Nigella sativa also called as “Kalonji” in local languages is a good source of nutritional as well as essential elements [1,2,3]. It is also known as black cumin seeds are widely used in Pakistan and Middle Eastern countries as a spice in cuisines, due to its pungent and bitter taste. Literature survey reports that the nigella seeds have many medicinal properties. These are used for treatment of asthma, digestion disorder, as well as carminative, aromatic, diuretic, stomachic, and diaphonetic problems [4,5,6]. That is why it is often known as the cure of all diseases.
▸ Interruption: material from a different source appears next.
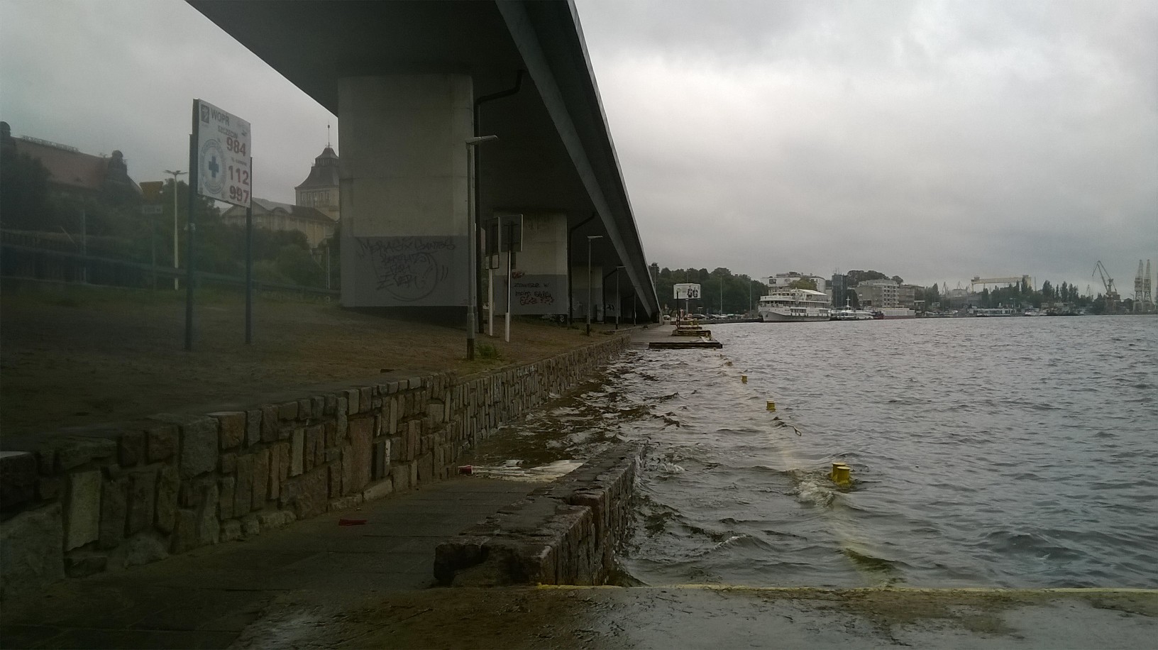 Wywołany przez cofkę podwyższony stan Odry spowodowała, że w nocy ze środy na czwartek woda w niektórych miejscach zalała szczecińskie bulwary. Rano pod woda wciąż znajdował się odcinek deptaka przy ul Jana z Kolna.

This seeds have found to have higher concentration of potassium ‘K’ as compared to camel milk [7]. The enhanced health potential of Kalonji has been attributed to its active ingredients [8]. The conventional techniques applied for elemental study of Kalonji are inductively coupled plasma optical/emission spectroscopy (ICP/OES), inductively coupled plasma/mass spectroscopy (ICP/MS), neutron activation analysis (NAA) and gas liquid chromatography (GLC), and proton induced X-ray emission (PIXE) spectroscopy [9,10,11,12], but these methods require lengthy sample preparation and boring pretreatment procedures, process of acid digestion at high temperature and pressure, as well as the use and clearance of dangerous chemicals which are harmful to our environment. Laser-Induced Breakdown Spectroscopy (LIBS) is a versatile methodolgy able to analyze the sample in its original form and thereby catching up from their point of limitations of other methods in terms of extended sample preparation that might lead to the change of chemical composition of the original sample. This method has much application in the qualitative and quantitative elemental analysis of materials [13,14,15,16,17,18].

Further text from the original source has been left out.